In one case, we initialize foo.Length, foo.MaximumLength, and foo.Buffer to describe a wide character string constant in our driver. In another case, we ask the system (by means of the TRUE third argument to RtlAnsiStringToUnicodeString) to allocate memory for the Unicode translation of an ANSI string. In the first case, it’s a mistake to call RtlFreeUnicodeString because it will unconditionally try to release a memory block that’s part of our code or data. In the second case, it’s mandatory to call RtlFreeUnicodeString eventually if we want to avoid a memory leak.

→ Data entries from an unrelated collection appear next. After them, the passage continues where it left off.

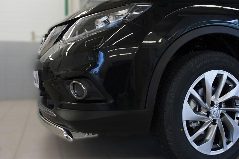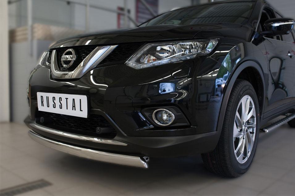Защита переднего бампера Slitkoff для X-Trail T32 2014 (Ниссан ИксТрейл 2014) NXZ-002085 изготовлена из высококачественной нержавеющей стали марки AISI 304, труба имеет диаметр 75x42 мм.
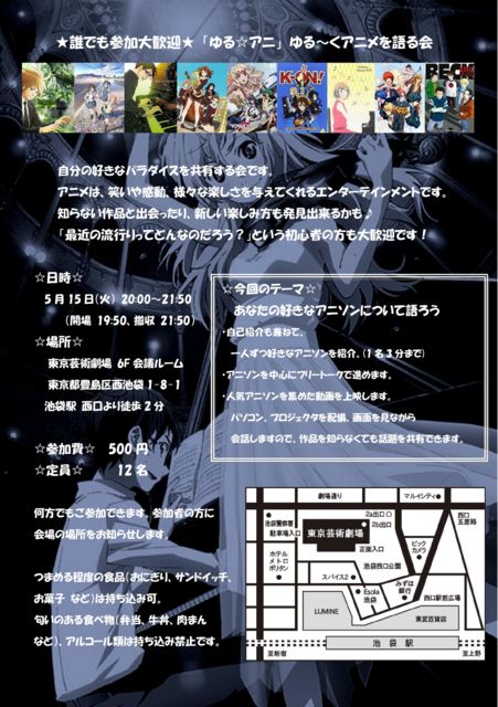 管理者様 スペースをお借りします。 「ゆる☆アニ」は、アニメやマンガをゆる〜く語り合い、自分の好きなパラダイスを共有する会です。 アニメは、笑いや感動、様々な楽しさを与えてくれるエンターテインメントです。 知らない作品と出会ったり、新しい楽しみ方も発見出来るかも♪ 「最近の流行りってどんなのだろう?」という初心者の方も大歓迎です! 日時:5月15日(火)20:00〜21:50 (開場 19:50 撤収 21:50) 場所:東京芸術劇場 6F 会議ルーム 東京都 豊島区西池袋1-8-1 池袋駅 西口より徒歩2分 参
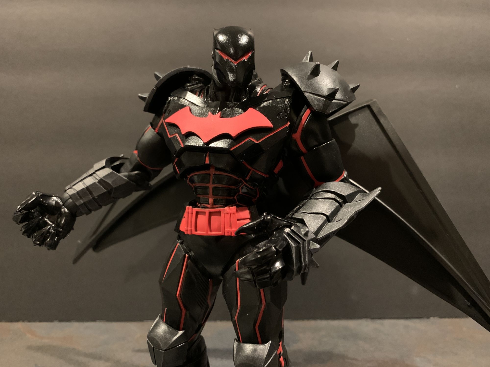 Once Hellbat is unleashed from the package, you can see what a marvel this figure is. he features 22 points of articulation, and each has a great, wide range of motion, except for his head. That swivels a bit but not much. Other than that, he is super simple to get into a variety of poses and remains sturdy in all of them. McFarlane Toys has done a superb job with paint on all of these figures so far as well, and this is their masterpiece. The red is so striking on the black, and it is seamless around the joints and articulation points.
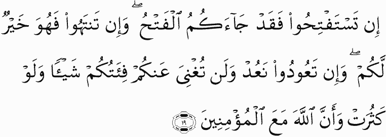 If you [disbelievers] seek the victory - the defeat has come to you. And if you desist [from hostilities], it is best for you; but if you return [to war], We will return, and never will you be availed by your [large] company at all, even if it should increase; and [that is] because Allah is with the believers.
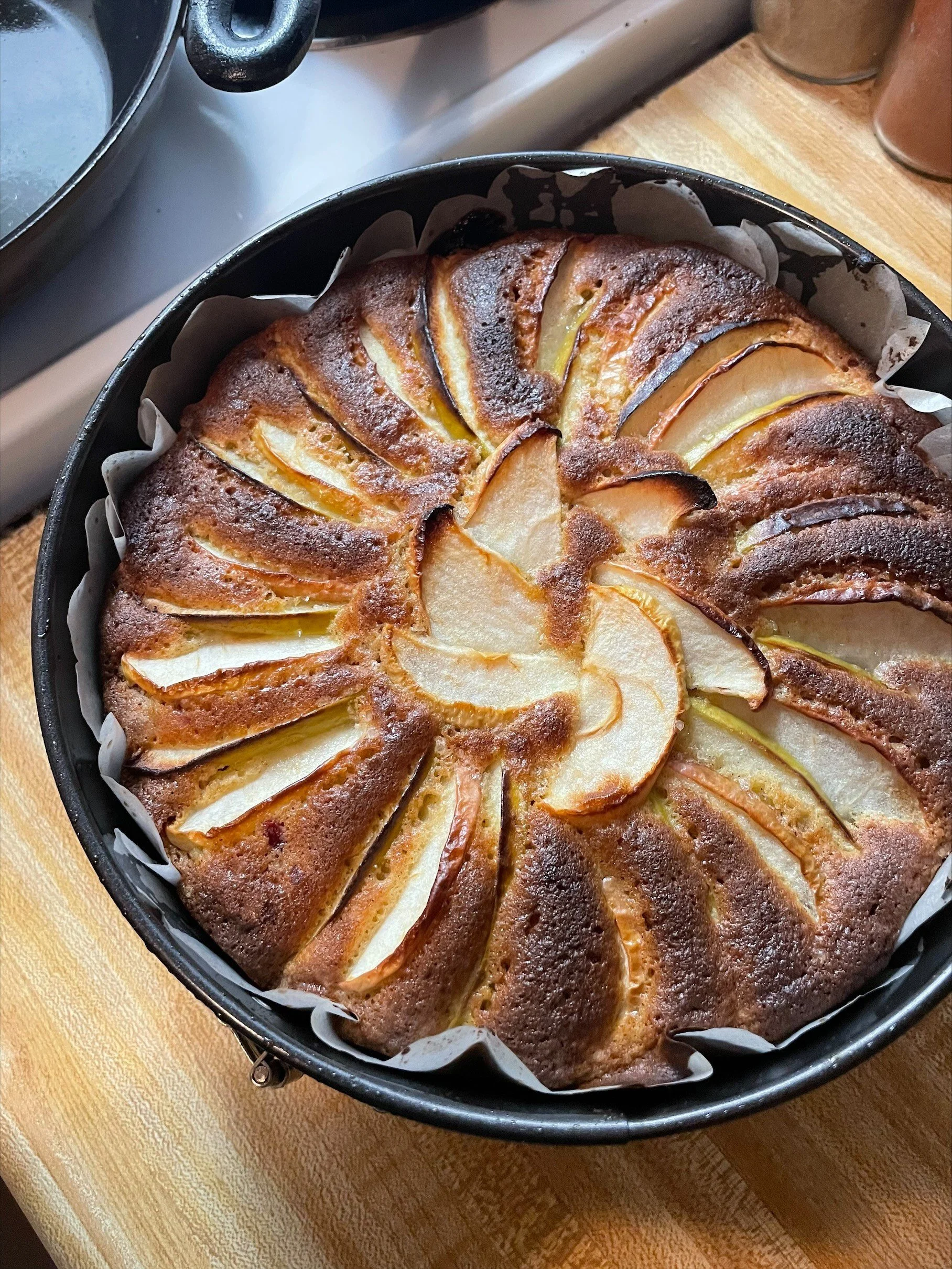 9) Bake 50-55 minutes until the cake feel firm and the apples are slightly browned.
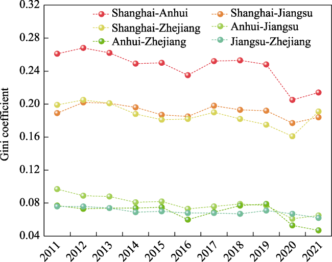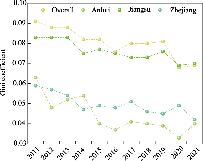 Fig. 5 Overall and intra-regional Gini coefficients |
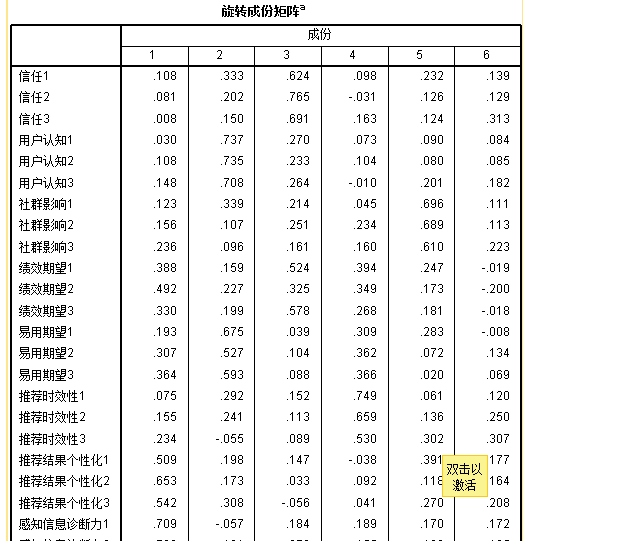 一开始问卷设定九的因素,最后分析出来是六个,代表有些因素需要进行合并,通常会出现这个问题有几个可能:1.因素之间鉴别度不够,2.样本数不足;因此要将原来的九个因素,重新分成三个因素,并重新命名,如信任-认知因素
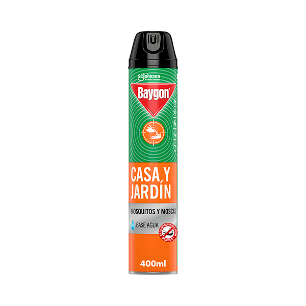 Baygon Casa y Jardín es un insecticida en aerosol a base de agua que te ayuda a eliminar a los insectos de tu hogar y del jardin y como mosquitos, moscas y hormigas y proteger a tu familia. Para un mejor efecto se recomienda cerrar puertas y ventanas, previa salida de personas y animales domésticos. Rocíe hacia arriba por 10 segundos a una distancia mínima de 1 metro de objetos y paredes. Salga del lugar y deje actuar el producto por 20 minutos y después ventile. Elimina al mosquito que puede transmitir zika, dengue y chikungunya protegiendo asi a tu familia.
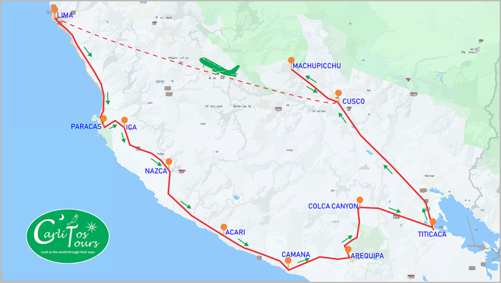 We take our transport and We go for almost two hours to Nasca. Arriving Nasca We take a fly over nasca lines and We visit the acueducts in Nasca, Once finish the tour in Nasca, we take our transport for 9 hours more to Arequipa Along the way, we stop in
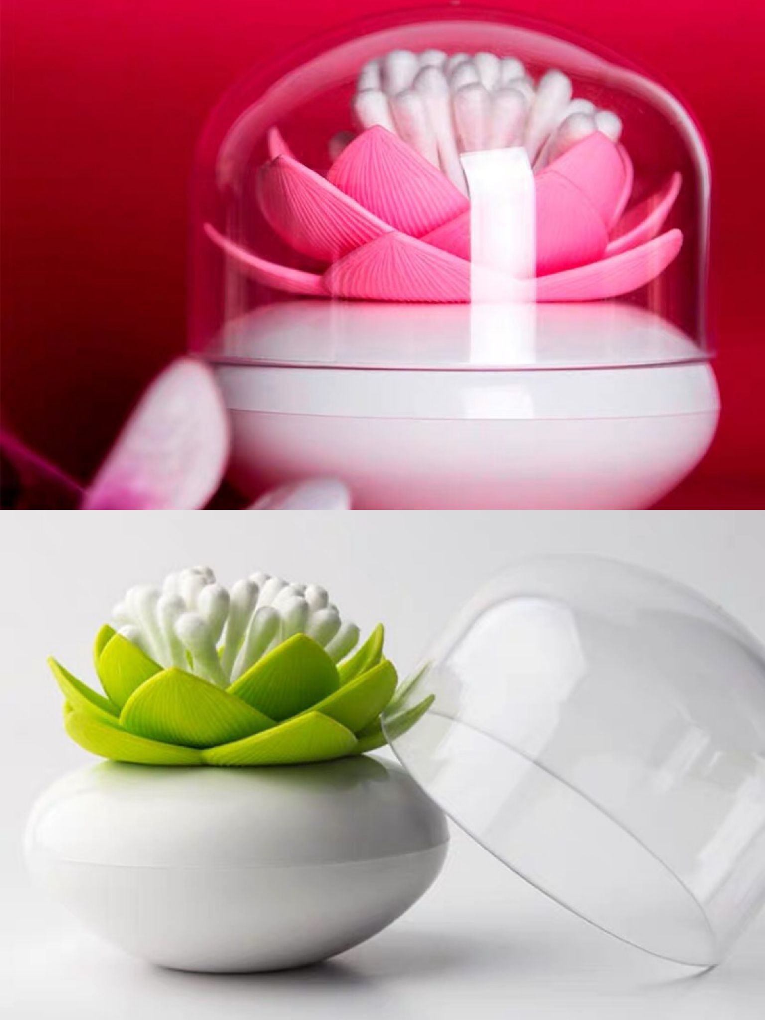 出淤泥而不染的莲花一向备受人们喜爱,将棉签放置在莲花的中心,正好形似莲花花蕊,而且这样的收纳除了让使用者觉得洁净安心,也体现出使用者的生活态度与品位。
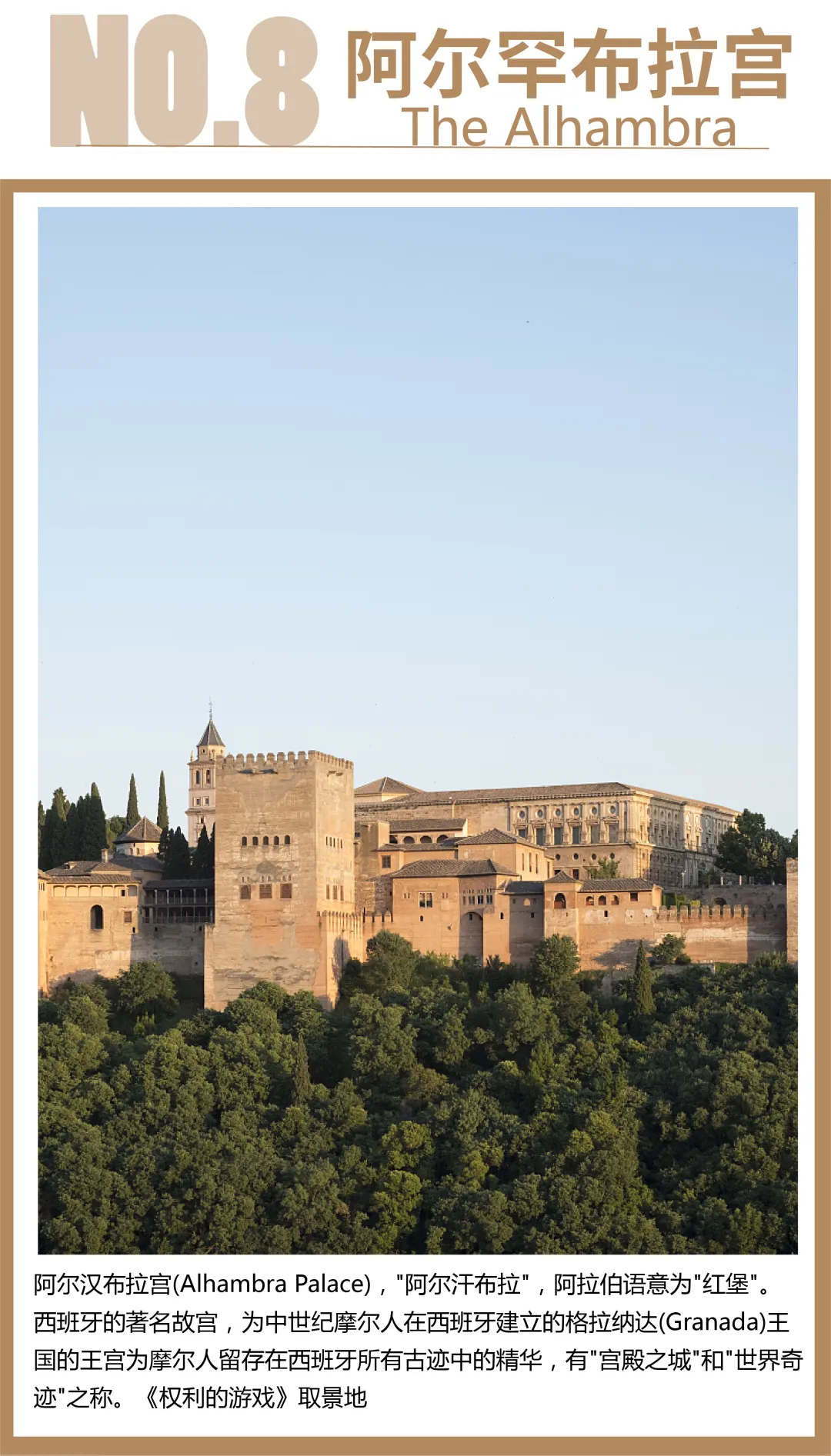 阿尔罕布拉宫是中世纪摩尔人在西班牙建立的格拉纳达王国的王宫。是摩尔人在西班牙留下的建筑精华,那独具伊斯兰风格的装饰建筑让每个到过这里的人无不惊叹,也是许多影视剧热捧的拍摄地, 比如大家熟知的美剧《权力的游戏 珍品的展览! |

在一种情况下，我们初始化foo.Length，foo.MaximumLength,和foo.Buffer来说明一个在我们的驱动重的长字符的字符串串常量。在另一种情况下，我们请求系统（依靠RtlAnsiStringToUnicodeString 的第三个理由的TRUE）来为Unicode转换成一个ANSI串分配内存。在第一种情况中，调用RtlFreeUnicodeString是个错误，因为它竟无条件的长时释放一个内存块，这个内存块石我们的代码或者数据的一部分。在第二种情况中，如果我们想要避免一个内存漏洞，（就要）强制最终调用RtlFreeUnicodeString。

The moral of the preceding example is that you have to know where the memory comes from in any UNICODE_STRING structures you use so that you can release the memory only when necessary.

之前的例子道德上是你不得不了解：在任何你所使用的UNICODE_STRING结构中的内存来自于哪里，以便只有在必要的时候你可以释放这些内存。